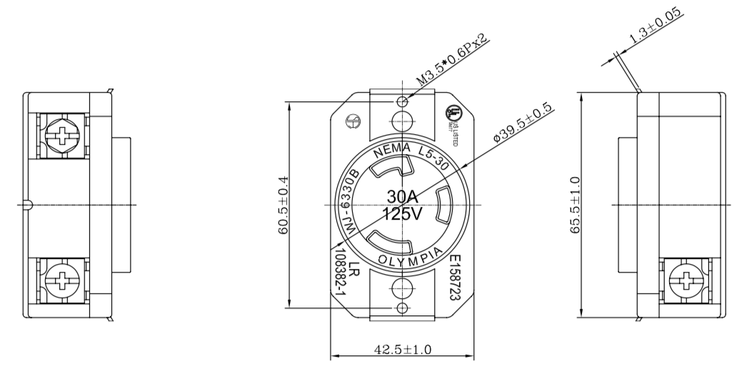 Part number: WJ-6330B Specification:30A 125V AC 2Pole 3Wire Grounding NEMA L5-30 Certifcation: UL
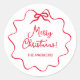 Christmas Bow | Wavy White with Red Classic Round Sticker
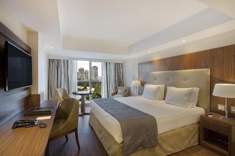 El flamante Windsor Marapendi Hotel se encuentra justo frente a la hermosa playa de Barra da Tijuca, lo que te brinda fácil acceso a todo lo que este moderno distrito de Río de Janeiro tiene para ofrecer. Disfruta de una estadía fantástica admirando una de las mejores vistas de Río en este hotel 5 estrellas, que ofrece una gran variedad de opciones de entretenimiento, deliciosa gastronomía y un servicio excepcional. La naturaleza abunda en los alrededores, con parques y reservas naturales que brindan amplias oportunidades para la diversión y las actividades al aire libre. También encontrarás cerca una vida nocturna rica y diversa, y algunos de los centros comerciales más sofisticados de Río. La elegante decoración del hotel se caracteriza por el amplio uso de cálida madera proveniente de plantaciones reforestadas en todo el vestíbulo, el bar, el restaurante y las habitaciones. Sus 487 habitaciones bellamente amuebladas ofrecen vistas completas o parciales al mar o a la montaña. La azotea, rodeada de barandillas de vidrio, es el lugar perfecto para disfrutar de impresionantes vistas a la playa y de un inolvidable baño en la piscina. El Windsor Marapendi está pensado tanto para turistas como para viajeros de negocios, con instalaciones para eventos, amplias salas de reuniones y un centro de negocios. Es una excelente opción para unas vacaciones familiares o un viaje de negocios inolvidables en Río de Janeiro.
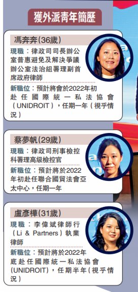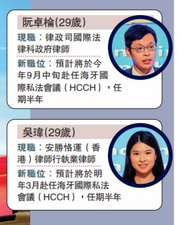 此次經過遴選,律政司國際法律科政府律師阮卓棆與安勝恪運(香港)律師行執業律師吳瑋一起,借調往海牙國際私法會議工作,任期半年;普惠避免及解決爭議辦公室法治組署理副首席政府律師馮奔奔,以及李偉斌律師行(Li & Partners)執業律師盧彥樺借調往國際統一私法協會工作,任期一年;律政司刑事檢控科署理高級檢控官蔡夢帆則借調聯合國貿法會亞太中心任職,任期一年。
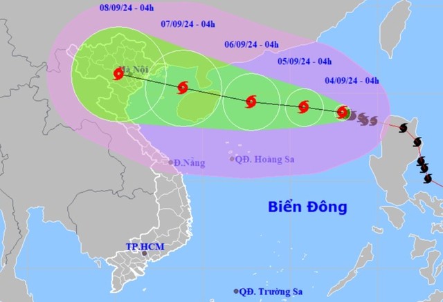 | Dự báo vị trí và hướng di chuyển của bão số 3. Nguồn: Trung tâm Dự báo khí tượng thủy văn Quốc gia |
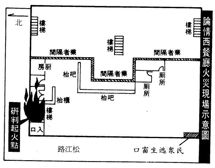 論情西餐廳,當然也不脫這個脈絡。它的裝潢隔間,剛好堵住一個通往一樓的樓梯,如果這個樓梯不被封死,不知道火災可以少枉死多少人!除此之外,論情西餐廳所在區域屬於第三種住宅區,任何建築物只有一樓和地下室可以合法開設餐廳,但論情西餐廳卻把店開在二樓,明顯違法。台北市政府的工務局和建設局,也知道論情西餐廳的違法狀況,早在1992年11月14日發函勒令停業,但論情西餐廳卻不為所動,照常營業。
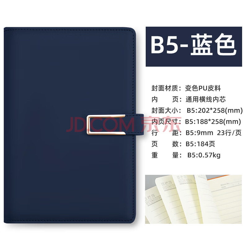 商品相册:嘉然恒商务b5本子笔记本皮面文具大号加厚搭扣记事本日记本工作日志办公会议记录本可定制 蓝色第
* * * *
§ **Work order**
Any pictures are to be skipped, and the lines from the beginning of the entries through the line with "Christmas Bow |" copied exactly.

§ **Solution for this problem**
 Part number: WJ-6330B Specification:30A 125V AC 2Pole 3Wire Grounding NEMA L5-30 Certifcation: UL
 Christmas Bow | Wavy White with Red Classic Round Sticker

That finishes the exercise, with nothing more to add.